There are two important aspects of the decoding process of the archive header and its filenames:

  1. As mentioned above, filenames are separated by their terminating NUL-byte in the initial processing.
  2. The chunk referenced as x_filenames above will contain as much decoded data as is specified by the third DWORD in the archive header (excl. leading metadata).

As will be seen in the PoC, I haven’t bothered reverse engineering and reimplementing the (de|en)coding algorithm (presumably based on Huffman). However, it seems that the archive filenames and their content are adjacent each other such that:

- filename_0
- filename_1
- filename_2
- ...
- content_of_filename_0
- content_of_filename_1
- content_of_filename_2
- ...

If we’d modify the third DWORD in the header (0x4F in the demonstrative archive above) to a larger value, the buffer referenced as x_filenames would not only contain the decoded filenames, but also (part of, depending on the value) their decoded contents.

This means that we can use the Yz1 library itself to write our exploit for the unchecked calls to sprintf(). The general approach looks like:

  1. Create an archive with N files.
  2. Set a breakpoint before the filenames are encoded, but after the metadata has been constructed.
  3. Remove the terminating NUL-byte for one of the filenames (effectively concatenating them).
  4. Let the process finish.
  5. Increase the third DWORD in the header to a size that includes the length of all file content.

The result is that the decoding process will interpret file contents as filenames. This gives us ample opportunity to create a source buffer large enough to overflow the stack in the call to sprintf().

The PoC creation is accomplished with pykd – which is not only a plugin for WinDbg but also very usable as a standalone Python module for automated debugging.

As for exploit mitigations, the changelog for IZArc mentions that ASLR and DEP was introduced in IZArc version 4.3. However, that only applies to the main executable and some plugins (presumably the plugins for which the author has access to the source code).

With that said, only two of the shipped modules are non-rebased: Tar32.dll and cabinet5.dll.
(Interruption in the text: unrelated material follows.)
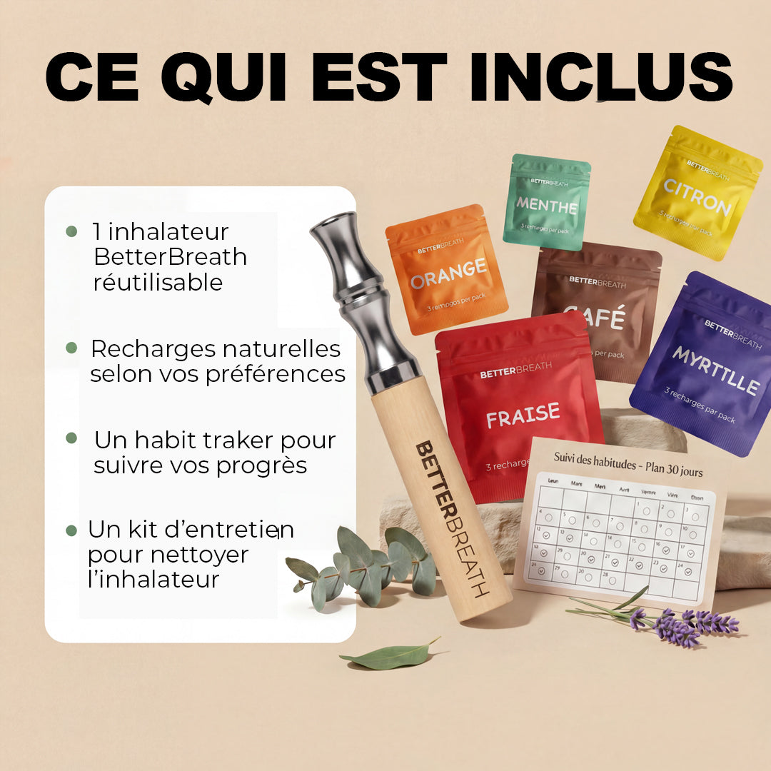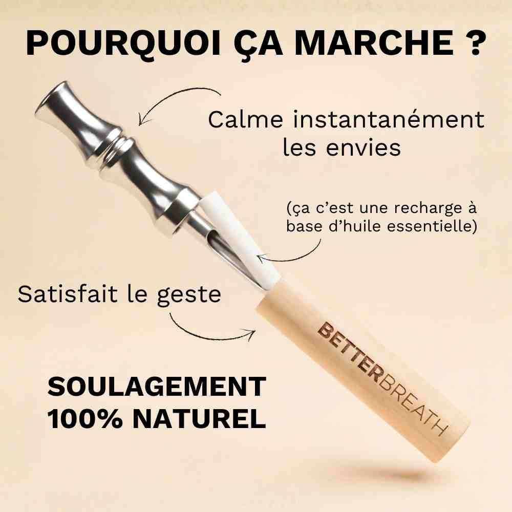 BetterBreath n’est pas “juste naturel”. La clé, c’est le rituel : le geste main-bouche, l’inspiration, la pause. C’est ça qui coupe l’envie. Les arômes ne font qu’amplifier l’effet apaisant.

Anyway, after having removed the NUL between two filenames in the archive, the file contents that will later be interpreted as a filename will contain the following:

  1. Enough data to overflow the stack (incl. SEH).
  2. A SEH gadget that adjusts esp and returns into our ROP sled.
  3. Gadgets that prepares the stack with appropriate arguments for VirtualAlloc()
  4. Gadget to invoke VirtualAlloc() by using its IAT slot in Tar32.dll.
  5. Our shellcode.

Unfortunately, it’s difficult to write a reliable exploit due to the extraction directory being prepended to our overflowing “filename”. The approach taken in the PoC is to spray the SEH overwrite after adjusting the initial bogus data in an attempt for the overwrite to land on an appropriate DWORD boundary. The alignment is done in the interval [0,4) – i.e. len(path) % 4 (where path includes the trailing \). So, there’s a 1 in 4 shot for success if the extraction path is unpredictable.

Demonstration

Because the PoC uses Yz1.dll and pykd to create the payload, and because Yz1.dll is a 32-bit Windows-only module, the payload has to be created on a Windows system with a 32-bit Python >=3.6.

Example:

> "C:\Program Files (x86)\Python38\python.exe" exploit.py   \
    --dll "C:\Program Files (x86)\IZArc\Yz1.dll"            \
    --output C:\Users\user\Downloads\archive.yz1            \
    --align C:\Users\user\Downloads\archive
=> created: C:\Users\user\Downloads\archive.yz1
=> extraction path alignment: 0

Note that --align can also be an integer [0, 4) or left out completely (in which case it’s derived from the --output path).

gif

See source.

Solution

These flaws were assigned CVE-2020-24175 and no solution exist for either Yz1 or IZArc at the time of writing.